[What is being asked] Each line in the material below, starting at the one that contains "L'art et la" and ending at the one that contains "The constant acceleration", should be repeated exactly; the pictures should not.

[Records supplied]
[Start of Attachment]
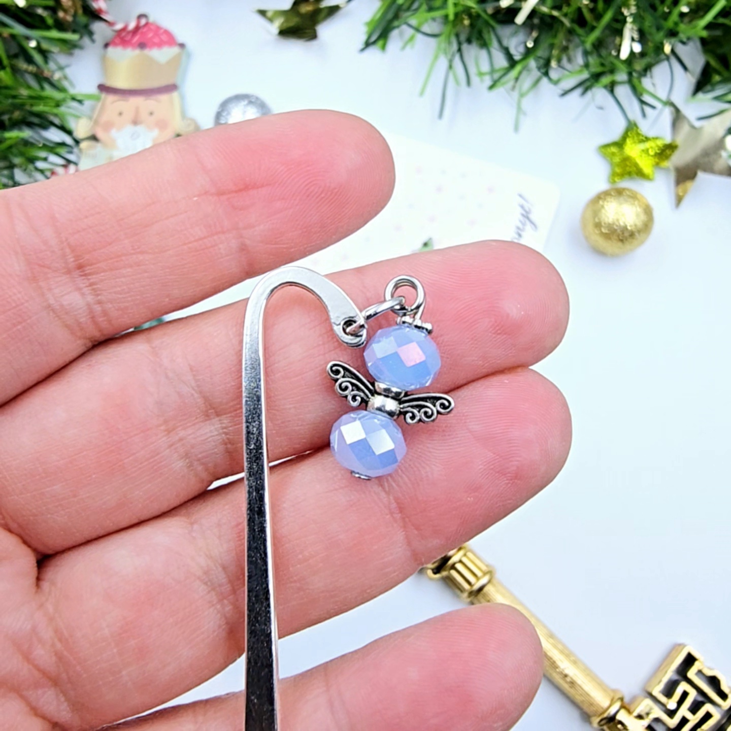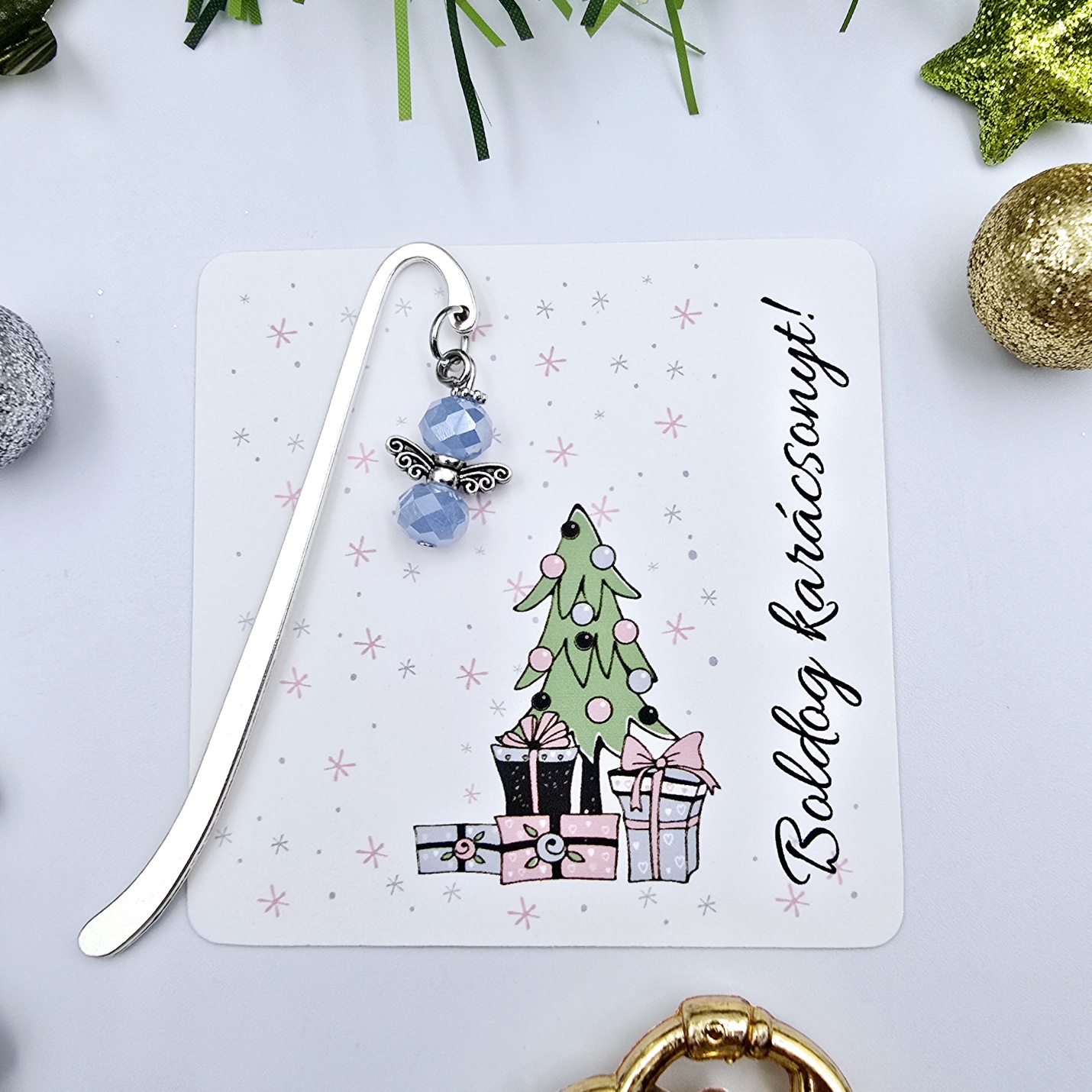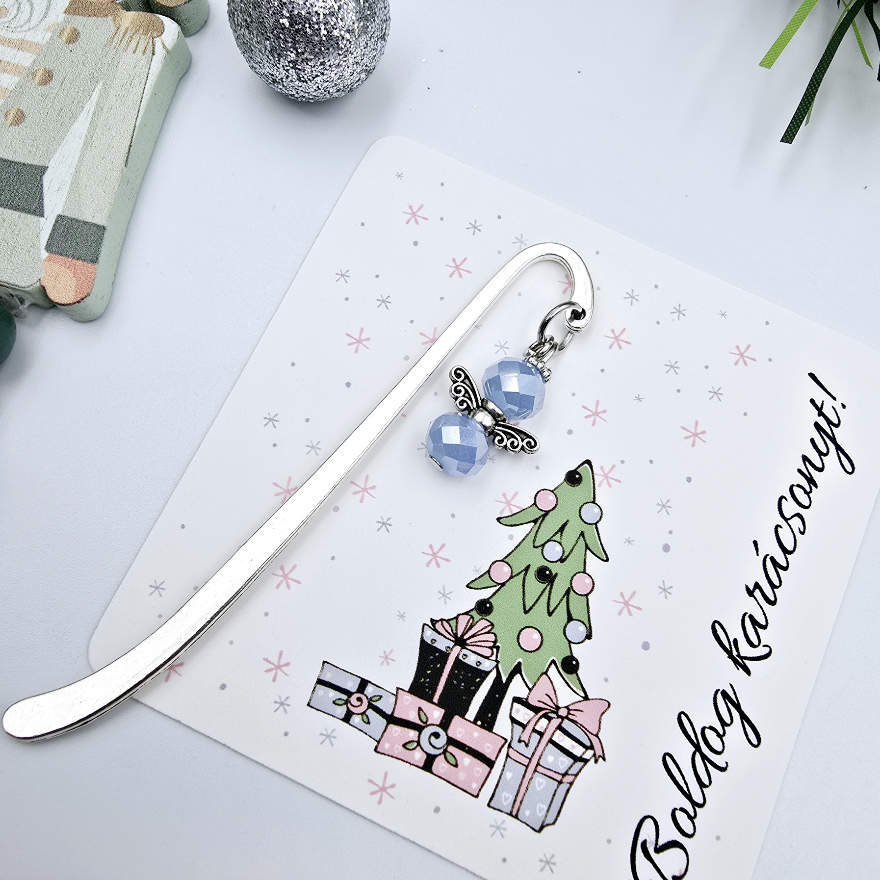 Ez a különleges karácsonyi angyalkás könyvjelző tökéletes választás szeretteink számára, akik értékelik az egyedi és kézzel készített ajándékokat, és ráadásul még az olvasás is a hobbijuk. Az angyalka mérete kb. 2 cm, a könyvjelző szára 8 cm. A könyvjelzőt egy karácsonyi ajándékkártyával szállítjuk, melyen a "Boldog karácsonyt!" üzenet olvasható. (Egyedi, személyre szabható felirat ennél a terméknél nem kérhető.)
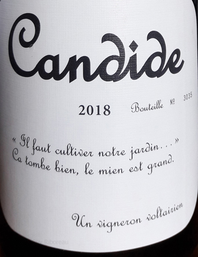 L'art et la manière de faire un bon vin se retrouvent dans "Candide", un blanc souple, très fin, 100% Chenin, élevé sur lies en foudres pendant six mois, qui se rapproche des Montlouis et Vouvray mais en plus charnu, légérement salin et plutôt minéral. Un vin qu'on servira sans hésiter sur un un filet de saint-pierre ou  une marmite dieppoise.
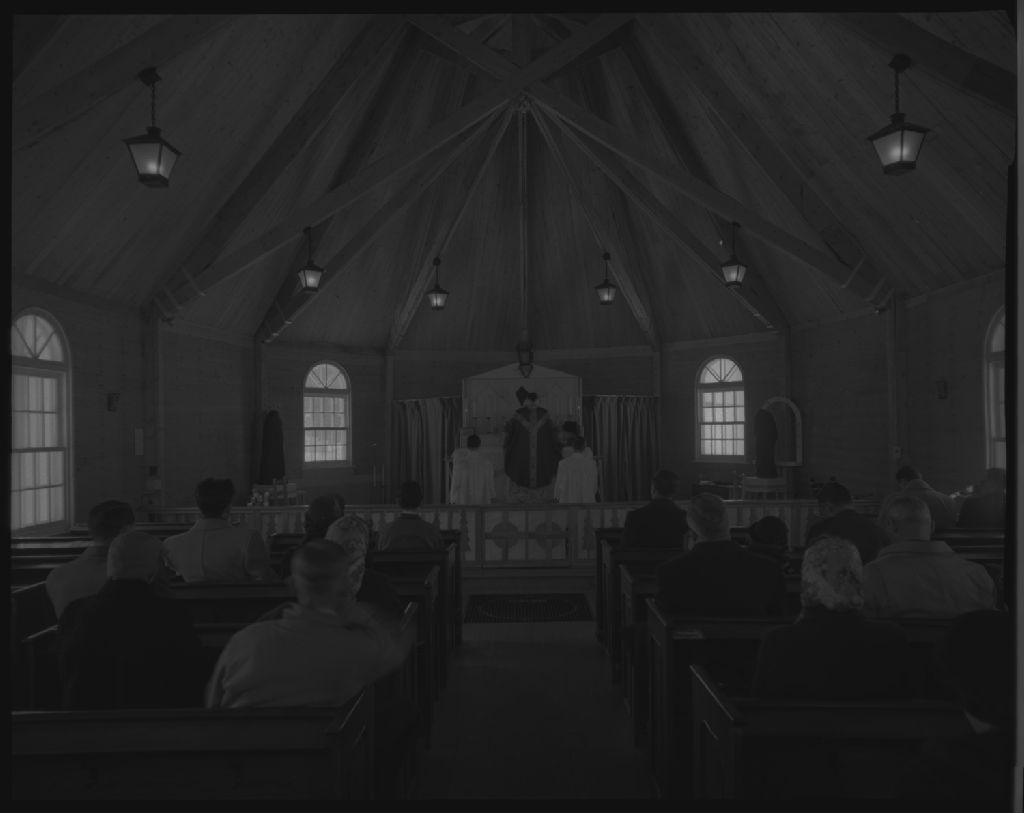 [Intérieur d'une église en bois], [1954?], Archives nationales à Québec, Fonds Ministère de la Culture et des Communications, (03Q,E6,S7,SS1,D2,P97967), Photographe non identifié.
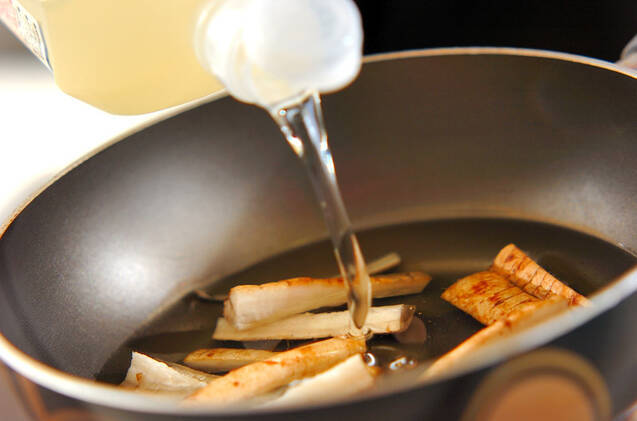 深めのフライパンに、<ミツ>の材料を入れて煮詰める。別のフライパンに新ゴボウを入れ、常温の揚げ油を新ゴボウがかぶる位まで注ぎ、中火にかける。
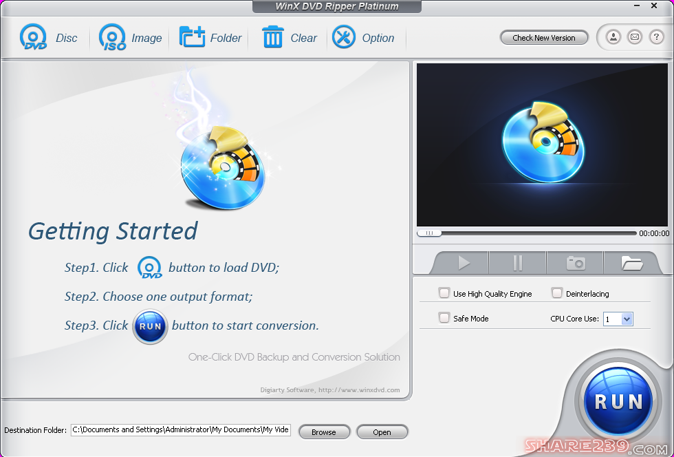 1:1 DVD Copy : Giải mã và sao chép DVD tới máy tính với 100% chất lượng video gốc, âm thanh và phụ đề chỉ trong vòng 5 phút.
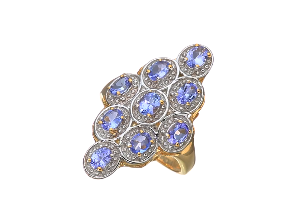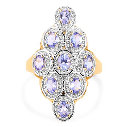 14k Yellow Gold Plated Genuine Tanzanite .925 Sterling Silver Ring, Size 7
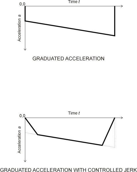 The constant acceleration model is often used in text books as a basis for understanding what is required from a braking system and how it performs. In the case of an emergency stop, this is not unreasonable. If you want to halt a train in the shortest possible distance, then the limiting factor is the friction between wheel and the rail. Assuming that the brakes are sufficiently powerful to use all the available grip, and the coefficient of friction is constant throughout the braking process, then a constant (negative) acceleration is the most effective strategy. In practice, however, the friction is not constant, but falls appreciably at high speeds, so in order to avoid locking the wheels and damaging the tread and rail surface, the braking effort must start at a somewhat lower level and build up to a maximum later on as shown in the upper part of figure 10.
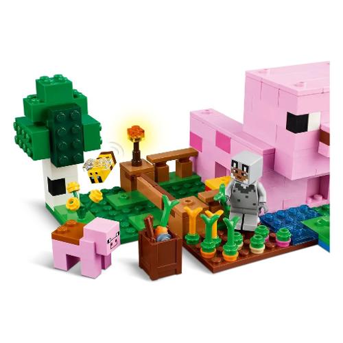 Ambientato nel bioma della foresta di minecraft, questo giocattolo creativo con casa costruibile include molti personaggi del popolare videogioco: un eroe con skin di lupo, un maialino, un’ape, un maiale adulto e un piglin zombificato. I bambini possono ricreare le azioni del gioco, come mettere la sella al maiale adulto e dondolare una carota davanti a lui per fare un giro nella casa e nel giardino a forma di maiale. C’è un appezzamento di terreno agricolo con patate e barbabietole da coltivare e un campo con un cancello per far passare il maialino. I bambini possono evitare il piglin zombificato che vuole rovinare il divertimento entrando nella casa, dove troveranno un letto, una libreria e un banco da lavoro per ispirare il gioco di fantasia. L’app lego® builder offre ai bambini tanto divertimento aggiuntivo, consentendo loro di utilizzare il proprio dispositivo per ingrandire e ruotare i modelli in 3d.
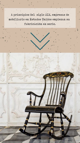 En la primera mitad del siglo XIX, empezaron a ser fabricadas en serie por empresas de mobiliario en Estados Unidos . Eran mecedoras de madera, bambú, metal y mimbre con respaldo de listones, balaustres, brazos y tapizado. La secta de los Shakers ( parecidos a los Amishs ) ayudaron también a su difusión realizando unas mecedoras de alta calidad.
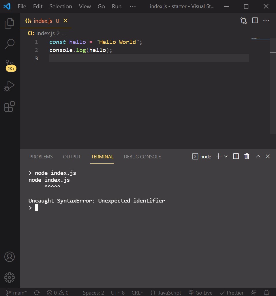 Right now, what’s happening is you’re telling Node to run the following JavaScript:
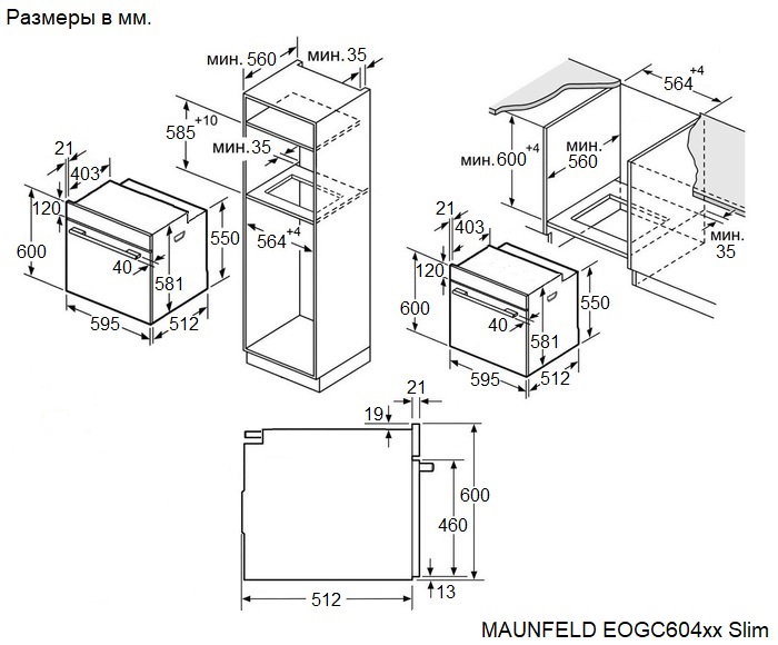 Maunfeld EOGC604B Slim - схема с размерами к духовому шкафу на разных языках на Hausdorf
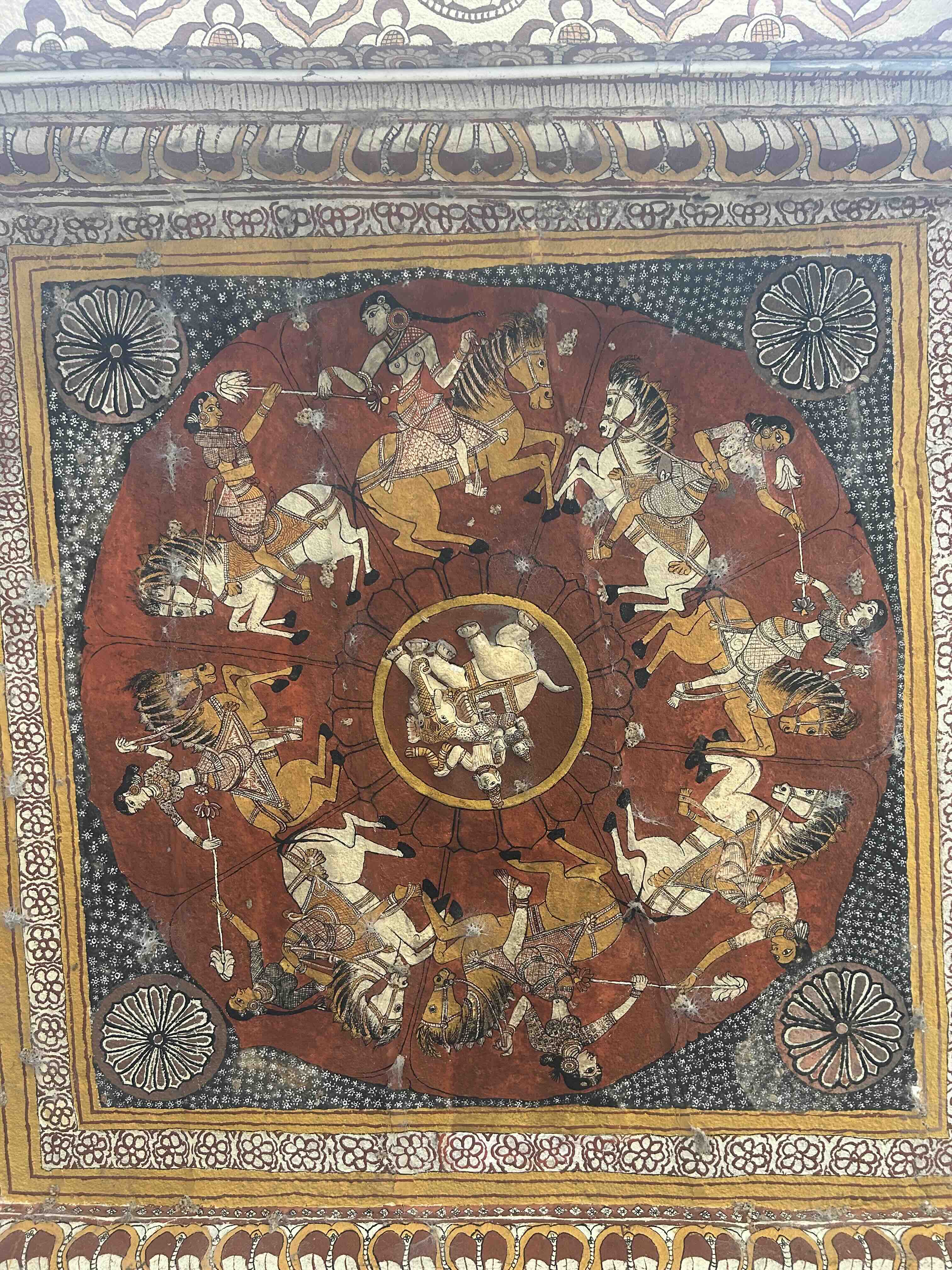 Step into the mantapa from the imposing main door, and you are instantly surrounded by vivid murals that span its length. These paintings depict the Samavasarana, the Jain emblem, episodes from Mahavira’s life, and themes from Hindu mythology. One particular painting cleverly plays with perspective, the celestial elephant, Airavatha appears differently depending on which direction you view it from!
[End of Attachment]
[Result]
 L'art et la manière de faire un bon vin se retrouvent dans "Candide", un blanc souple, très fin, 100% Chenin, élevé sur lies en foudres pendant six mois, qui se rapproche des Montlouis et Vouvray mais en plus charnu, légérement salin et plutôt minéral. Un vin qu'on servira sans hésiter sur un un filet de saint-pierre ou  une marmite dieppoise.
 [Intérieur d'une église en bois], [1954?], Archives nationales à Québec, Fonds Ministère de la Culture et des Communications, (03Q,E6,S7,SS1,D2,P97967), Photographe non identifié.
 深めのフライパンに、<ミツ>の材料を入れて煮詰める。別のフライパンに新ゴボウを入れ、常温の揚げ油を新ゴボウがかぶる位まで注ぎ、中火にかける。
 1:1 DVD Copy : Giải mã và sao chép DVD tới máy tính với 100% chất lượng video gốc, âm thanh và phụ đề chỉ trong vòng 5 phút.
 14k Yellow Gold Plated Genuine Tanzanite .925 Sterling Silver Ring, Size 7
 The constant acceleration model is often used in text books as a basis for understanding what is required from a braking system and how it performs. In the case of an emergency stop, this is not unreasonable. If you want to halt a train in the shortest possible distance, then the limiting factor is the friction between wheel and the rail. Assuming that the brakes are sufficiently powerful to use all the available grip, and the coefficient of friction is constant throughout the braking process, then a constant (negative) acceleration is the most effective strategy. In practice, however, the friction is not constant, but falls appreciably at high speeds, so in order to avoid locking the wheels and damaging the tread and rail surface, the braking effort must start at a somewhat lower level and build up to a maximum later on as shown in the upper part of figure 10.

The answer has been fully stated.